(Data to use begins)

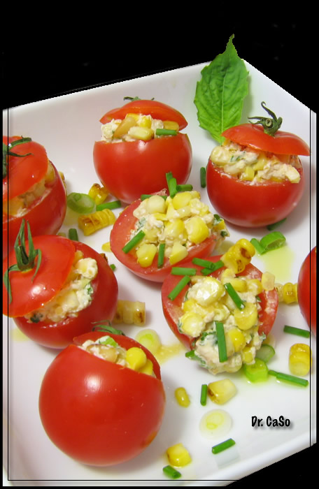 4. Finalement, j’ai rempli les tomates du mélange de maïs et chèvre et ai mis le tout au frais 30 minutes avant de servir avec une vinaigrette bien relevée. (PS. c’est encore meilleurs le lendemain).
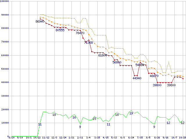 | Athlon 64 4000+ (2.4GHz,L2 1MB)の価格推移 | | | (2004年8月20日~2005年10月28日) |
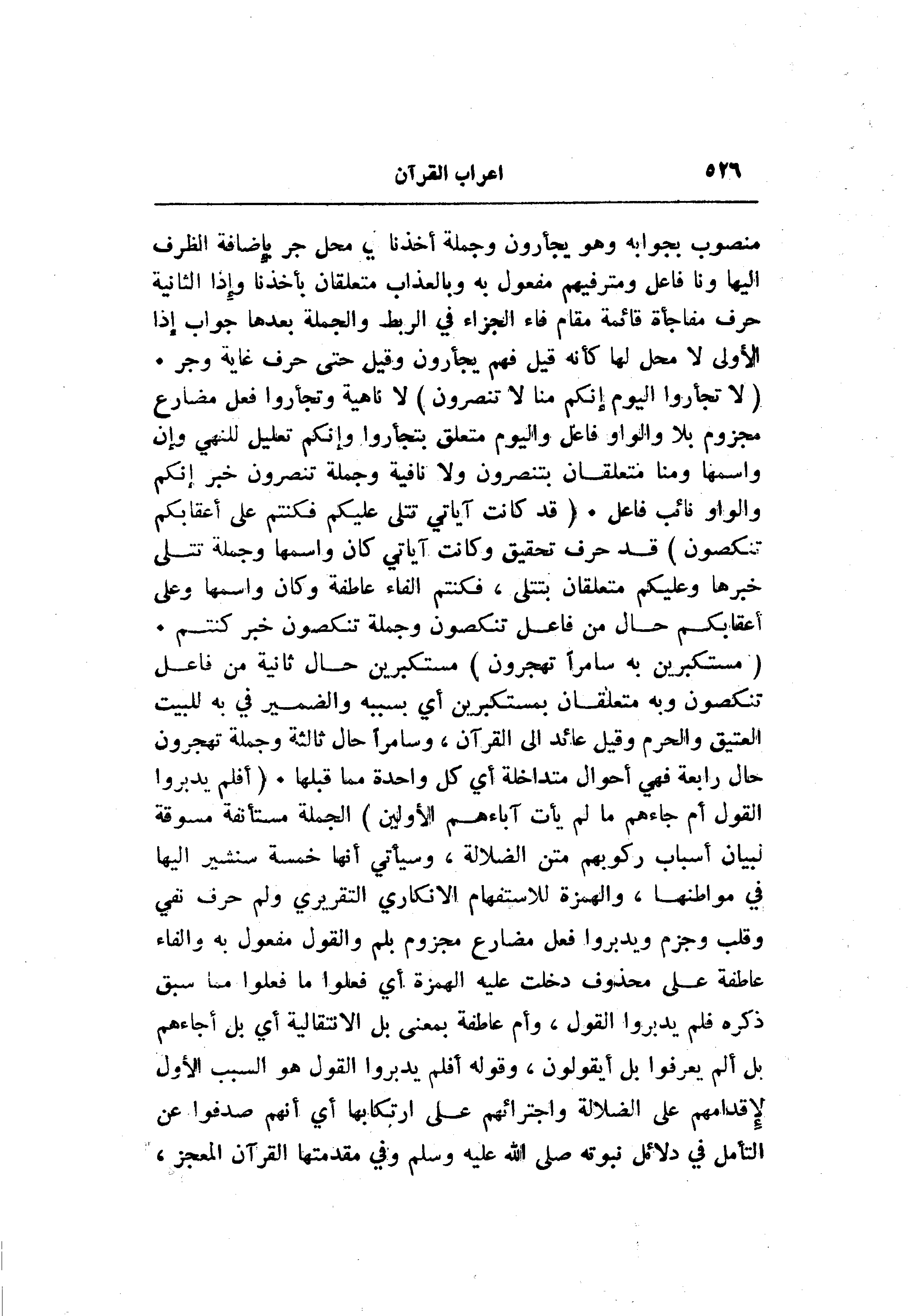 (لا تَجْأَرُوا الْيَوْمَ إِنَّكُمْ مِنَّا لا تُنْصَرُونَ) لا ناهية وتجأروا فعل مضارع مجزوم بلا والواو فاعل واليوم متعلق بتجأروا وإنكم تعليل للنهي وإن واسمها ومنا متعلقان بتنصرون ولا نافية وجملة تنصرون خبر إنكم والواو نائب فاعل. (قَدْ كانَتْ آياتِي تُتْلى عَلَيْكُمْ فَكُنْتُمْ عَلى أَعْقابِكُمْ تَنْكِصُونَ) قد حرف تحقيق وكانت آياتي كان واسمها وجملة تتلى خبرها وعليكم متعلقان بتتلى، فكنتم الفاء عاطفة وكان واسمها وعلى أعقابكم حال من فاعل تنكصون وجملة تنكصون خبر كنتم.
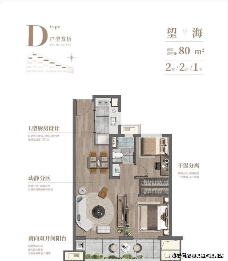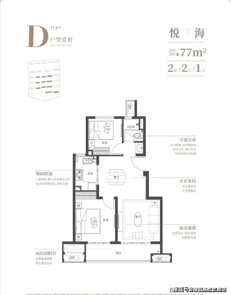 【高层80平】6.8m大面宽双阳台,180º东西向全景观海,户型方正,南北通透!
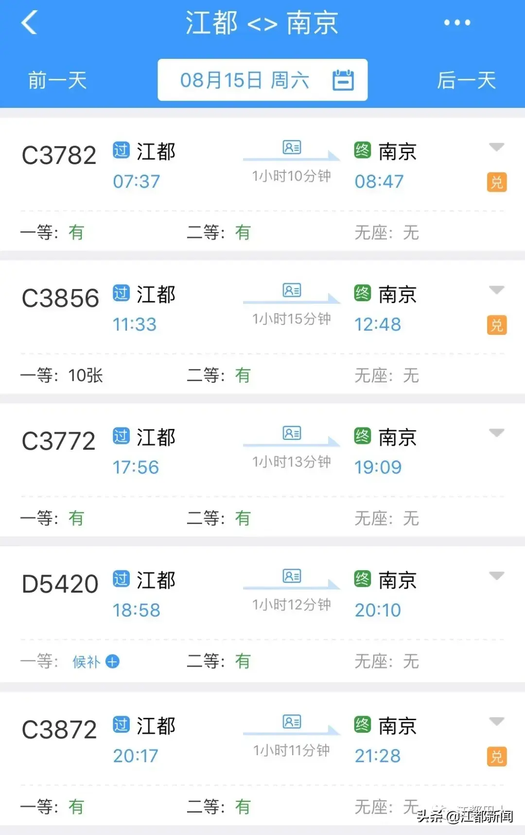 新增至上海方向动车组列车,江都至南京车次也由原来的3列增加至5列 。南京至江都由原来的3列增加至4列,并且在时刻上做了优化!极大的方便了江都市民的出行!
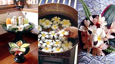 Next is a Lavender Body Wash followed by your choice of traditional Asian body scrub, to cleanse, soften and refresh your skin. A quick shower, and then (sink into a decadent Aromatherapy Floral Bath, available in Bali only) relax while you enjoy herbal tea and cookies. The pampering continues with a soothing Balinese Massage followed by your choice of Refresher Facial or Foot Massage.
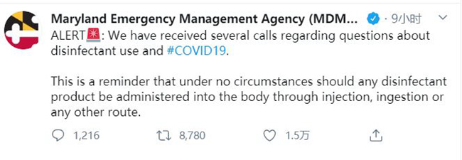 由于热线电话激增,马里兰州应急管理部门不得不在Twitter发文警告民众,在任何情况下都不能注射或者饮用消毒液。
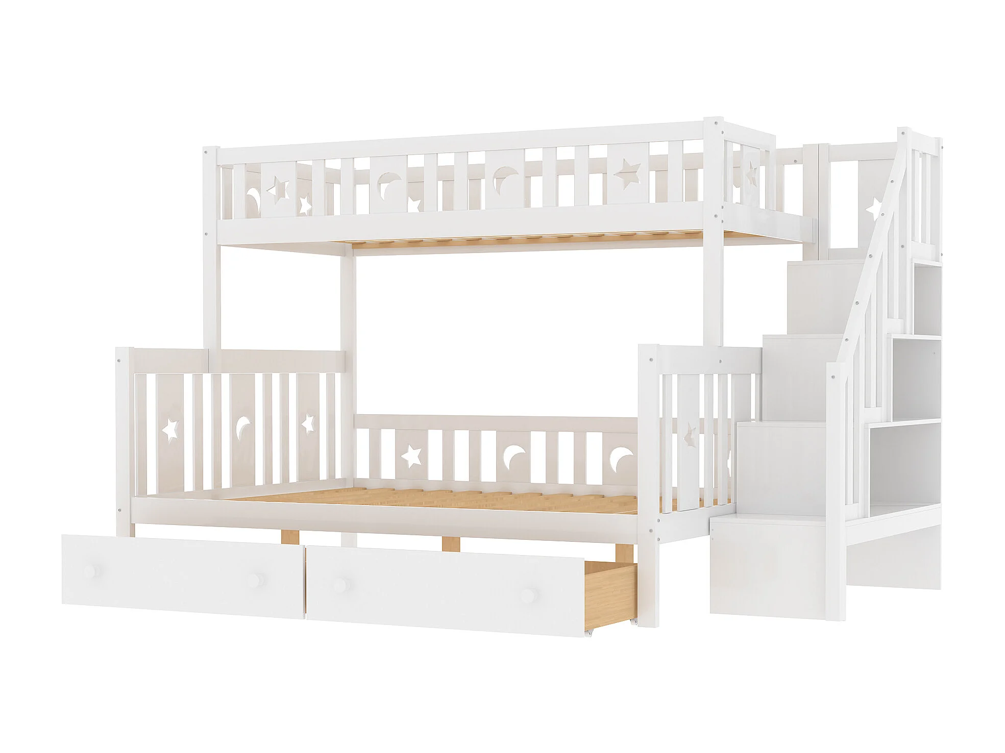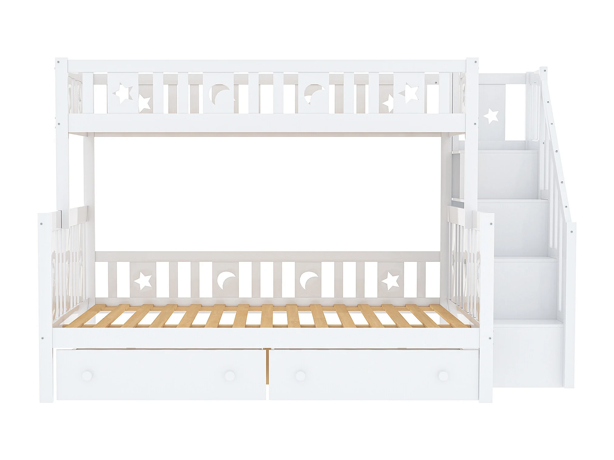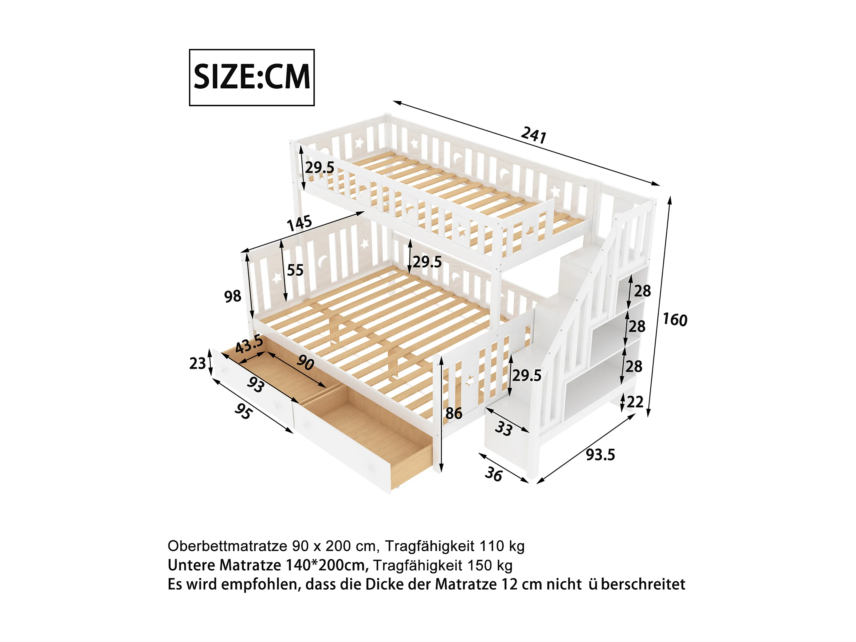 Lit superposé enfant 90x200 cm + 140x200 cm avec deux grands tiroirs et sommier à lattes - blanc
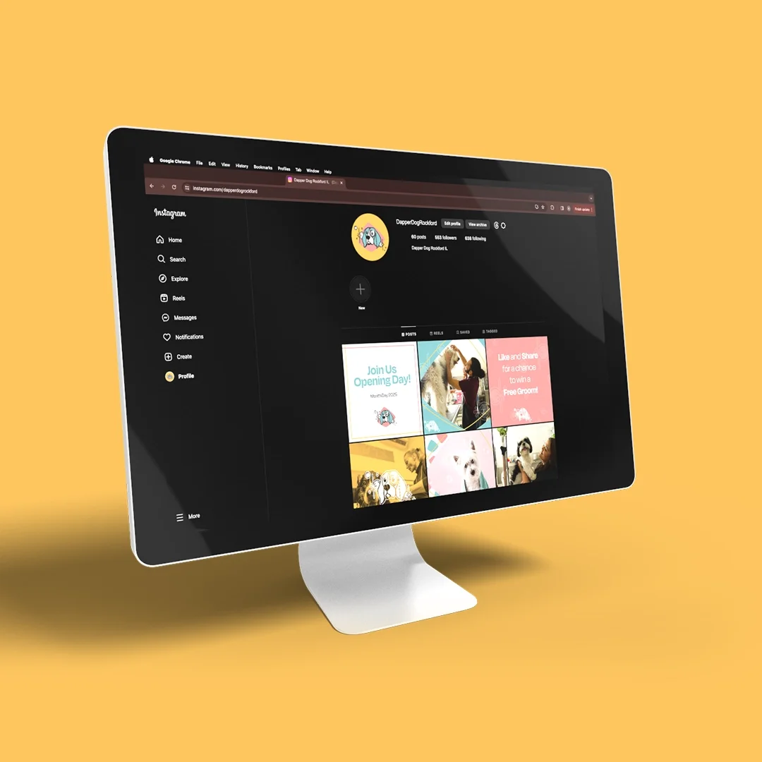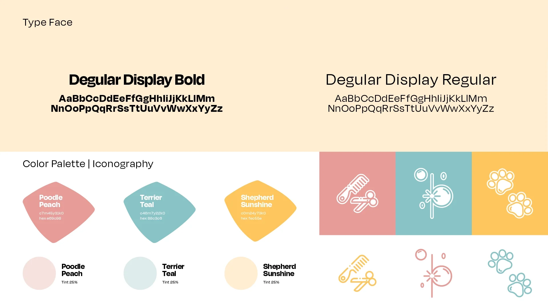 A local dog grooming startup needed a logo, and business cards—so I set out to create a brand that really popped. Inspired by retro ’60s design and softened with a bubble-gum color palette, the look blends nostalgia with a fresh, modern twist. I also created social media template styles and a custom apron for the grooming team, giving the whole brand a fun, bubbly personality from head to tail.
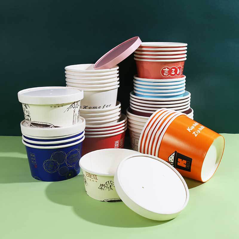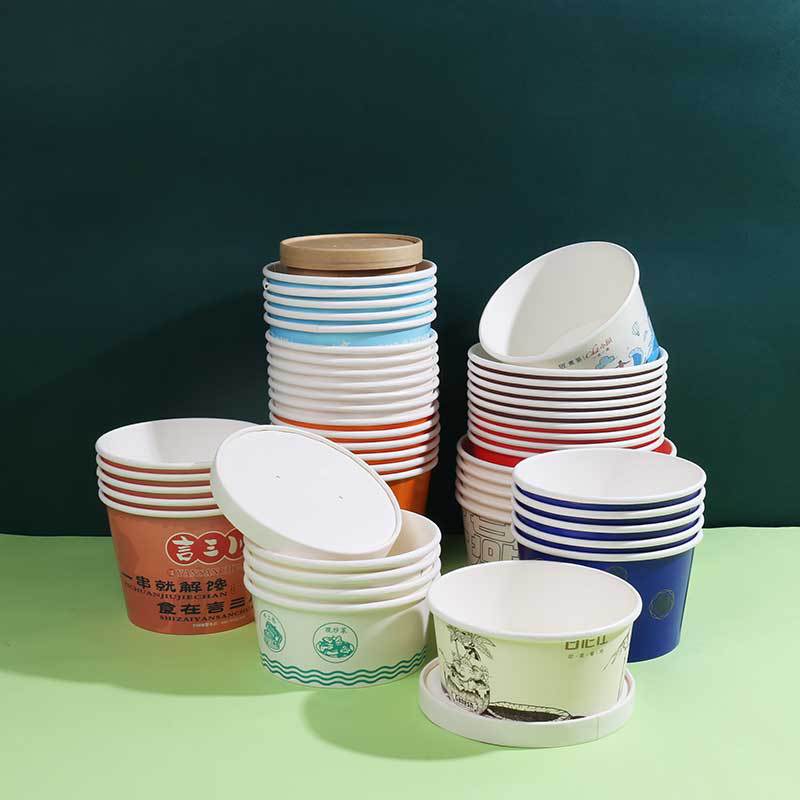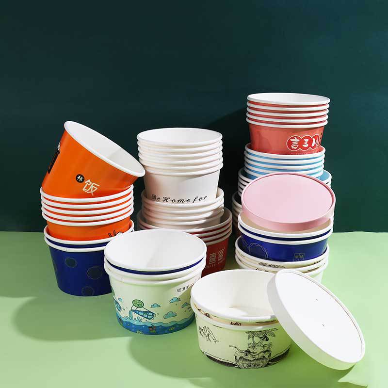 圆形纸碗加厚防漏外卖打包餐盒冰淇淋碗粥杯泡面桶一次性牛皮纸碗

(Data to use ends)

=== The problem ===
Working from the entries above, reproduce exactly and only the lines beginning with the line that has "新增至上海方向动车组列车,江" and ending with the line that has "由于热线电话激增,马里兰州应"; omit all pictures.

=== Result below ===
 新增至上海方向动车组列车,江都至南京车次也由原来的3列增加至5列 。南京至江都由原来的3列增加至4列,并且在时刻上做了优化!极大的方便了江都市民的出行!
 Next is a Lavender Body Wash followed by your choice of traditional Asian body scrub, to cleanse, soften and refresh your skin. A quick shower, and then (sink into a decadent Aromatherapy Floral Bath, available in Bali only) relax while you enjoy herbal tea and cookies. The pampering continues with a soothing Balinese Massage followed by your choice of Refresher Facial or Foot Massage.
 由于热线电话激增,马里兰州应急管理部门不得不在Twitter发文警告民众,在任何情况下都不能注射或者饮用消毒液。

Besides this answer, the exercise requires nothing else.